Сколько их, дам из разорившихся семейств, снимают большие квартиры и пускают в комнаты жильцов! Не такими ли хозяйками содержатся бесчисленные "пансионы с избранным музыкальным обществом близ фешенебельных кварталов"? И не их ли мужья, достойные джентльмены, каждое утро выходят из такого пансиона и направляются в Сити - или делают вид, что направляются туда - по некоему таинственному делу, которое они ведут? Время шло, и миссис Джеймс Ганн стала содержательницей меблированных комнат со столом (по ее выражению "приняла в семью двух-трех нахлебников"), а мистер Ганн завел таинственное "дело".
В 1835 году, когда начинается наш рассказ, в городе Маргете на невзрачной улочке стоял дом, где на двери, на блестящей медной дощечке, можно было прочитать имя мистера Ганна. Начищать каждое утро медную дощечку, равно как по возможности обслуживать мистера Ганна, его семью и его жильцов, вменялось в обязанность чумазой девчонке, их единственной прислуге; и поскольку дом стоял не слишком далеко от моря и, забравшись на крышу, вы могли в просвете между дымовыми трубами зреть пред собой сию великую стихию, миссис Ганн именовала пансион фешенебельным; и на ее рекламных картах значилось, что из дома открывается "прекрасный вид на море".
На зарешеченном окне приемной было написано крупными буквами слово "КОНТОРА"; здесь мистер Ганн и отправлял свою службу. Он очень изменился, бедняга, и смотрел приниженным.

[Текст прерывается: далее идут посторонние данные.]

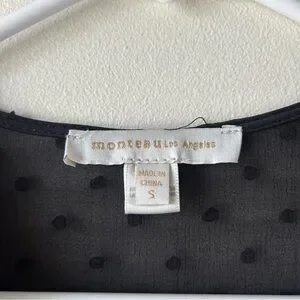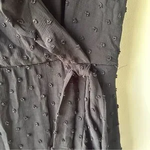Monteau Ruffle Faux Wrap Midi Dress Flutter Sleeves Black Swiss Dot S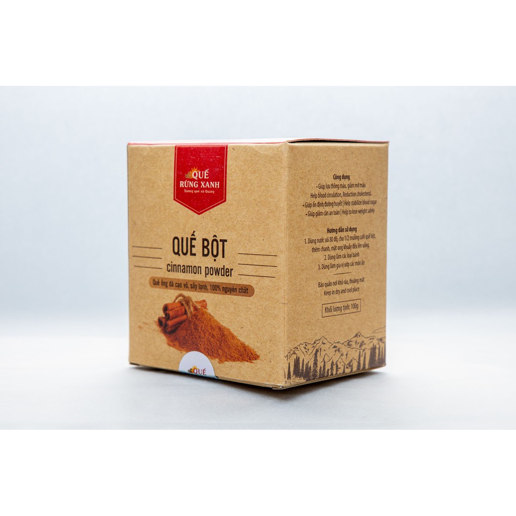 Mua tại TiktokBột quế tạo ra từ vỏ của cây quế khi đã xay nhuyễn, thơm và giữ được mùi hương lâu, được làm từ 100% bột quế nguyên chất từ rừng Trà Bồng Quảng Ngãi. Theo Y học cổ truyền, Quế được ví như Sâm trong Tứ Đại Danh Dược bao gồm: Sâm - Nhung - Quế - Phụ. Với truyền thống lâu đời trong lĩnh vực thuốc nam - Hơn 30 năm kinh nghiệm kinh doanh quế ở phố Đông y Sài Gòn, lần đầu tiên Quế Rừng Xanh mang giá trị cây quế đến với người tiêu dùng một cách tiện lợi nhất bằng cả tâm huyết của mình.
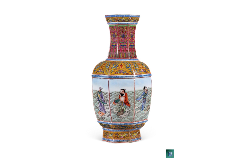 famille rose 'eight immortals crossing the sea' dish-mouthed vaseqianlong period of qing dynastymark: qianlong four-character sealmark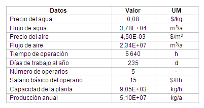 Los resultados de los balances de masa y energía por proceso unitario se presentan en la tabla 2.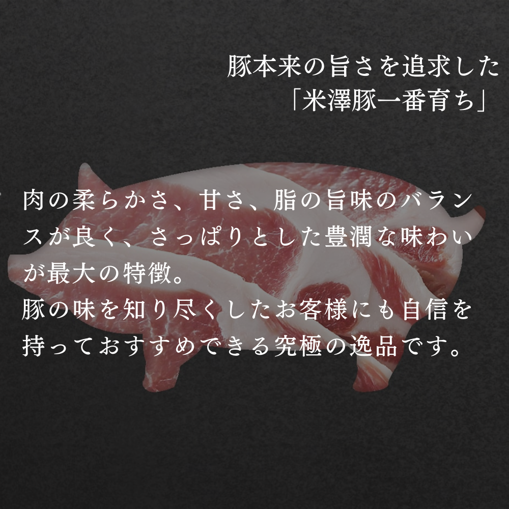 「米澤豚一番育ち」は美味しさにこだわり、ランドレース種と大ヨークシャー種を交配させた豚のSPF豚に、霜降りが特徴のデュロック種を交配させた「三元交配豚」です。肉の柔らかさ、甘さ、脂の旨味のバランスが良く、さっぱりとした上品な味わいが最大の特徴です。豚本来の旨さを追求した「米澤豚一番育ち」の美味しさは、豚の味を知り尽くしたお客様にも自信を持っておすすめできる究極の逸品です。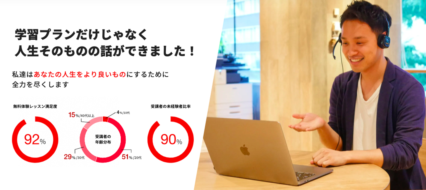 未経験でもご安心ください。無料学習相談をご利用される9割の方はプログラミング未経験です。まずは無料相談で、プロのコンサルタントにあなたの悩みや不安をお聞かせください!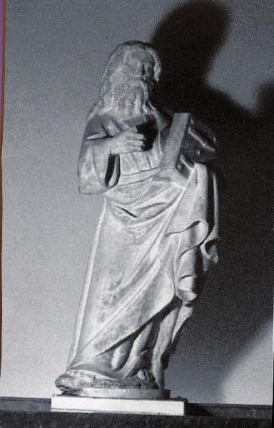 Uomo con capelli e barba lunga, lo sguardo rivolto verso il basso. Indossa una lunga veste che lascia scoperta la mano dx, e 4 quattro dita di ogni piede. Il corpo è inarcato vesro sx. La mano dx è nell'atto probabilmente di indicare qualcosa. La mano sx, velata dalla veste sorregge un libro chiuso. Il libro presenta una doppia chiusura.\nSul retro: pur essendo già definita la soluzione formale, la superficie non è levigata ma presenta i segni dello scalpello e/o della gradina tenuta ad angolo ampio rispetto ad essa (solchi brevi quasi incisioni a punta ma a distanza fissa) \nal centro del busto è inserito, in un piccolo alloggiamento, il gancio d'ancoraggio in ferro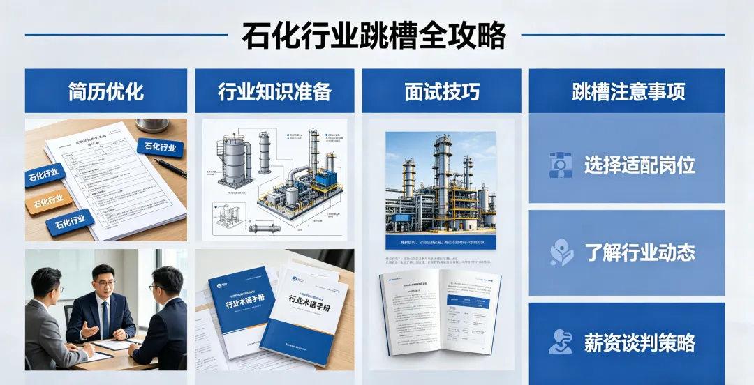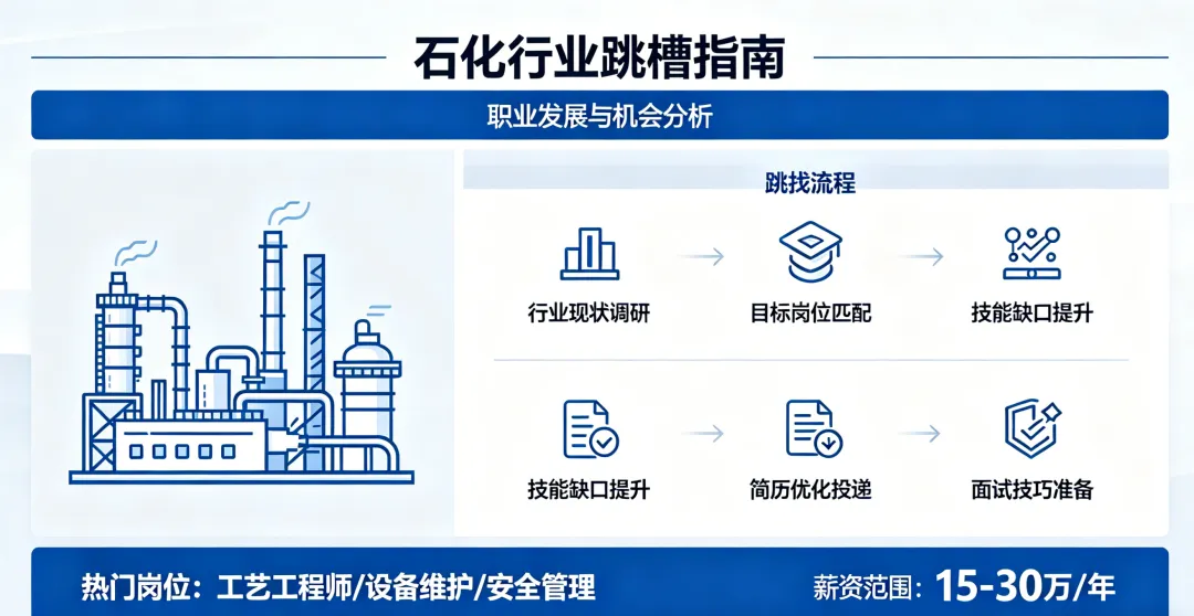 8.单纯 “钱少” 但所在企业已布局低碳项目(2026 年降薪触底,2027 年薪资将随转型盈利反弹)9.因 “累”“没意思” 想逃(职业倦怠未解决核心问题,2026 年求职竞争加剧)10.裸辞后盲目求职(2026 年石化行业求职周期平均 7.2 个月,传统岗位竞争比达 15:1)11.【2026 专属】放弃央企正式岗,盲目跨界至非能源领域(石化经验迁移性弱,失败率超 60%,2026 年跨界转型成功率仅 28%)反例 1:某石化设计院工程师老李,年薪 35 万裸辞想转型互联网,因缺乏数字化技能,空窗 10 个月后仅拿到 28 万的传统化工岗位 offer,错失 2026 年央企新能源业务扩招机遇。反例 2:32 岁的石化销售王敏,因传统油品销售提成低,盲目跳槽到新能源汽车公司做电池销售,未意识到 2026 年碳成本显性化后,石化绿色产品销售需求激增,重返行业时薪资缩水 30%,且错失碳配额交易相关销售岗位的高薪机会。四、2026 跳槽必看 5 大考虑点(石化行业定制版)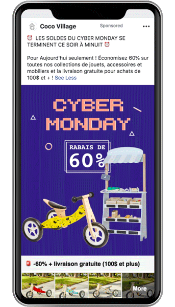 For Cyber Monday, we kept the same audience and campaign approach. Only the visuals and advertising messages have changed (see Part III. Creation).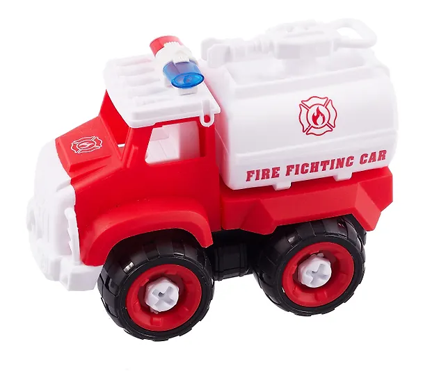 Будет здорово вместе с ребёнком разыграть сценку: у игрушек случился пожар, и машинка спешит на помощь. Объясните ребёнку, что такое брандспойт, как используется цистерна и для чего пожарные включают сирену. А после с помощью отвёртки помогите малышу снять колёса. Это хороший вариант обучения, развития мелкой моторики и усидчивости через игру.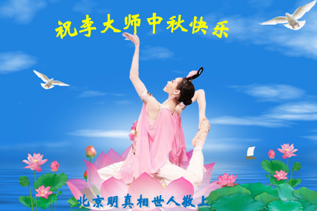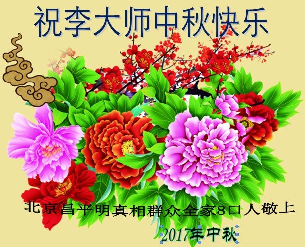 大法师父您好!您辛苦了! 谢谢大法师父给了我明真相和祝您中秋节快乐的机会,这是我人生当中最大的幸事,在这个人类道德及其败坏的社会,您让我选择了正义,您让我明辨了是非,不再推波逐流,这才是我要的。 “法轮大法好,真善忍好。”谢谢法轮大法师父为我所做的一切,我相信中共坏事做绝,一定会自取灭亡。我永远支持法轮大法和法轮大法弟子,愿您早日回到中国大陆,您是众生的希望! 明真相的世人敬上 北京大法弟子家属祝法轮大法师父中秋节快乐!

Два плаката, вывешенные за решетками окна, дают мне право заключить, что он не почел для себя унизительным сделаться агентом компании "Имбирный лимонад, Лондон - Ямайка", а заодно и по распространению знаменитой смеси "Гастеровский Фариначо для младенцев, или Здоровая замена материнского молока"; черный, отсыревший, заплесневелый полуфунтовый пакет этой смеси неизменно стоял на одном конце каминной полки в конторе, тогда как другой ее конец занимала засиженная мухами бутылка лимонада. Больше ничто не указывало на то, что эта просторная комната в первом этаже была конторой, - если не считать громадной черной чернильницы с торчащим в ней тупым пером, на кончике которого толстой коркой насохли чернила: оно, как видно, месяцами вкушало покой.
Вы могли видеть, как в это помещение ежедневно, в два часа пополудни, employe {Официант (франц.).} из соседней гостиницы приносит две кварты пива; и если случалось вам зайти в этот час, вас обдавало из "конторы" мощными парами и запахами обеда, и вы спотыкались на пороге о кучу побитых жестяных судков, раскрывших на вас свою пасть. Так этот верный оплот благородства обычай обедать в шесть часов - оказался сокрушен; и отсюда читатель может заключить, что дом Ганна находился в состоянии духовного упадка.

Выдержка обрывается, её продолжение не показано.